To reiterate here, the ranking is based on players with approximately as many or more possessions in the category than the subject, Ilyasova.  Overall, it looks like Ilyasova isn't elite in any category, but that's not exactly 100% true.  Among players with as many spot-up possessions or more, only four PFs or Cs posted better spot-up PPP than Ilyasova.  That's very encouraging, because the Pistons essentially gave up nothing in return for one of the best spot-up big men in the league.  It is pretty funny to see that the Bucks didn't run a single iso possession for Ilyasova, but it shouldn't be concerning.  What is a bit troubling is that Ilyasova didn't perform better as the PnR roll-man.  I don't get to watch a whole lot of Ilyasova, so I'll throw in this caveat: The middling efficiency in PnR situations is less troubling if he spent more time rolling to the basket than popping out to the perimeter.  I have a feeling that the issue is the way Jason Kidd used him, but it's hard to say exactly by just looking at the numbers.  In Detroit, I'm confident that he'll be used mostly as a pop man, because Detroit has one of the better roll-men in the game already in tow in Andre Drummond.

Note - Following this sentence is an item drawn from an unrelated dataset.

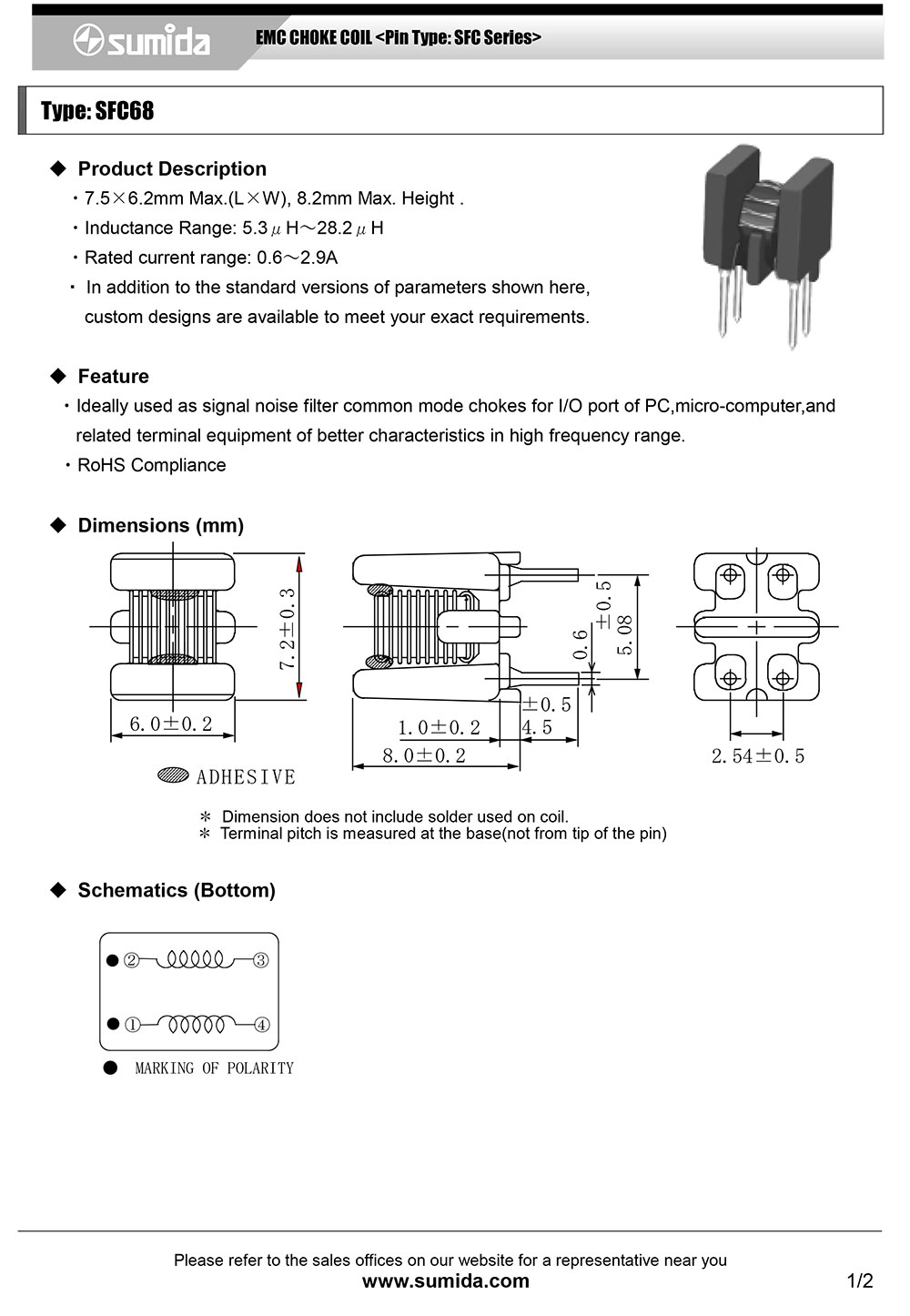5.SFC68廣泛用于工業類的I/O端口及各類安防類產品的通訊端口以及局域網的的共模信號抑制。

The defensive play-type stats suggest that Ilyasova isn't going to do much to improve a mediocre 2014-15 Pistons defense:

Ersan Ilyasova
Possessions
PPP Allowed
NBA Rank
Isolation
45
0.71
41/200
PnR Roll-Man
32
1.44
112/112
Post-Up
94
0.86
45/71
Spot-Up
128
1.08
140/162
The one area where you think the fairly mobile Ilyasova would succeed (closing out on shooters) is one of his worst categories.  You can try to write off his struggles against the pick-and-roll or in isolation situations by arguing that the numbers come in a small sample size.  You can't do that with his spot-up struggles.  He was legitimately awful defending against pending shooters during the 2014-15 season.  That should be a caution point to watch for during the upcoming season, and may cause SVG to get creative late in games if Ilyasova can't hold his own defensively against another team's stretch four.

With all things considered, I'm excited about the Ilyasova acquisition.  The Pistons essentially gave up nothing of value for a player who will most likely start and do so adequately for the team in 2015-16.  He's an ideal fit for Stan Van Gundy's offense if his outside shot is falling, and should help improve the quality of the offense as a whole through effectively playing his style.  If things don't work out, as mentioned above, the Pistons didn't really give anything up for him other than cap space, and they can simply release him next summer and eat a very small portion of what he's owed.  Usually you look for a move's reward to be somewhat in-line with its risk.  This move feels like it has a moderate return with minimal risk; that's what you really want your front office to go for at this stage of a rebuild.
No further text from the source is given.